Sanierung der Grundschule in Zöblitz

Saniertes Klassenzimmer
Neuer Anbau entsteht

Im bestehenden Haupt-Schulgebäude sind die notwendigen Installations- und Renovierungsarbeiten zur Nutzung von acht Klassenzimmern abgeschlossen. Die weiteren Umbauarbeiten laufen kontinuierlich während des Schulbetriebes weiter.

Im Außenbereich sind die Dachdeckerarbeiten an den bestehenden Gebäudeteilen weitestgehend abgeschlossen und mit den Fassadenarbeiten (Dämmung) wurde begonnen.

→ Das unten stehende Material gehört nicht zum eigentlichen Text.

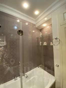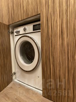 Туалет с гигиеническим душем и раковиной. Есть бойлер. Ванная комната с раздвижной стеклянной перегородкой, раковина, зеркало подсветкой, шкаф с выдвижной корзиной для грязного белья. Стиральная машина Siemens IQ-800 установлена в коридоре.
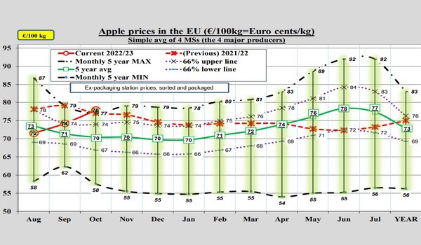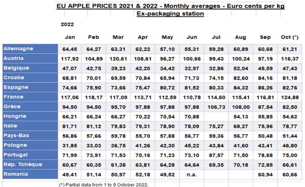 The ongoing apple crop for 2022/23 for was initially estimated by WAPA at a volume very similar to the preceding crop. Since the month of August 2022, however, several Member States registered additional drought and heatwave events that will result on smaller fruit sizes and, therefore, lower volumes.

Nach erfolgtem Abbruch des Altschulgebäudes und Erstellung der Bodenplatte laufen derzeit die Rohbauarbeiten zur Errichtung des künftigen Hortneubaus. Im Zuge der Herstellung der einzelnen Geschossdecken und der damit verbundenen Einbindung und Sicherung der Decken des Zwischenbaues beginnen die Installationsarbeiten im Zwischenbau. Die Nutzung der Räume im Zwischenbau ist planmäßig nach den Herbstferien 2013 vorgesehen.

 

 

 

 

 

 

 

 

 

 

Erfüllung von Unfallschutzauflagen in der Grundschule "Herzog Heinrich"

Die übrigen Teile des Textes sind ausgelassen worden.